+++ GIVEN DATA
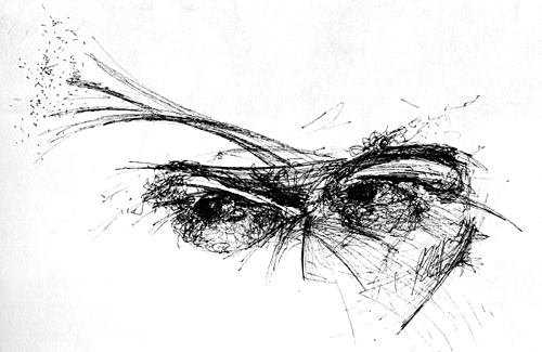 PEN STUDY This image began while I was absent-mindedly playing with a pen on a piece of paper while listening to a lecture. When I looked down, the first thing that jumped out at me was this pair of eyes. I doodled a little more, bringing them out, and this is the result |
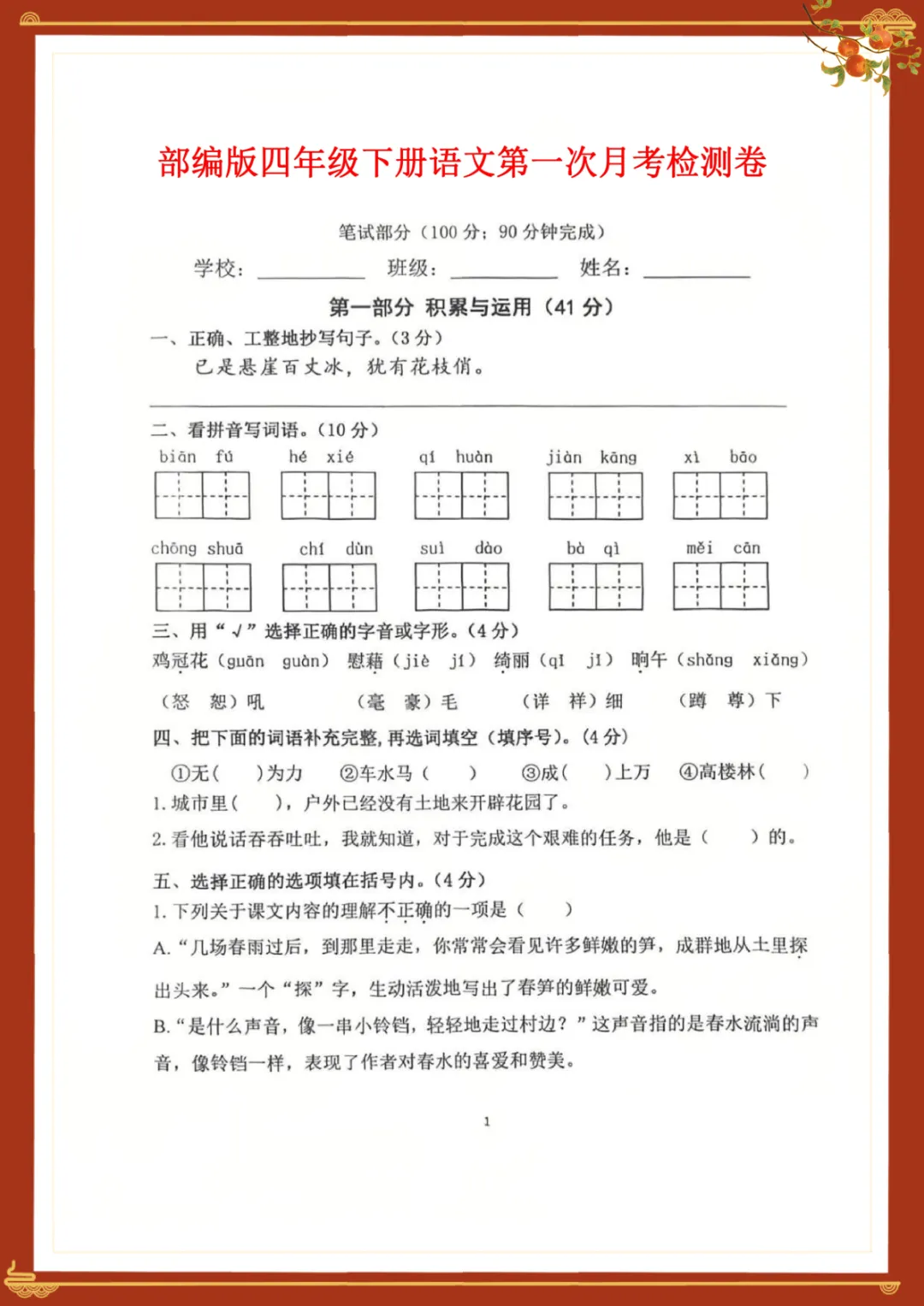 部编版四年级下册语文第一次月考检测卷 电子版可下载
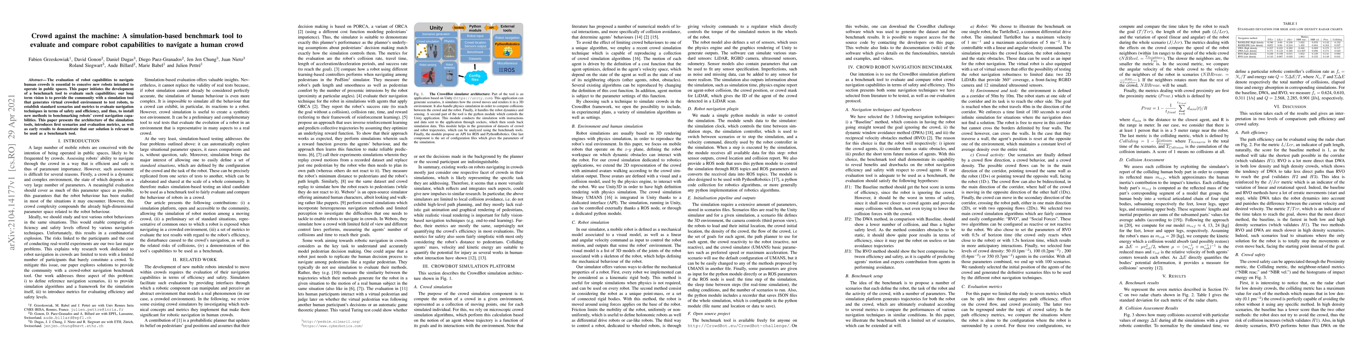 The evaluation of robot capabilities to navigate human crowds is essential to conceive new robots intended to operate in public spaces. This paper initiates the development of a benchmark tool to evaluate such capabilities; our long term vision is to provide the community with a simulation tool that generates virtual crowded environment to test robots, to establish standard scenarios and metrics to evaluate navigation techniques in terms of safety and efficiency, and thus, to install new methods to benchmarking robots' crowd navigation capabilities. This paper presents the architecture of the simulation tools, introduces first scenarios and evaluation metrics, as well as early results to demonstrate that our solution is relevant to be used as a benchmark tool.
++++++
=== WHAT IS BEING ASKED ===
Give back exactly the run of lines that opens the material above and ends at the line with "部编版四年级下册语文第一次月考检测卷 电子版可下载". Omit the pictures.

=== RESULT FOR THIS TASK ===
 PEN STUDY This image began while I was absent-mindedly playing with a pen on a piece of paper while listening to a lecture. When I looked down, the first thing that jumped out at me was this pair of eyes. I doodled a little more, bringing them out, and this is the result |
 部编版四年级下册语文第一次月考检测卷 电子版可下载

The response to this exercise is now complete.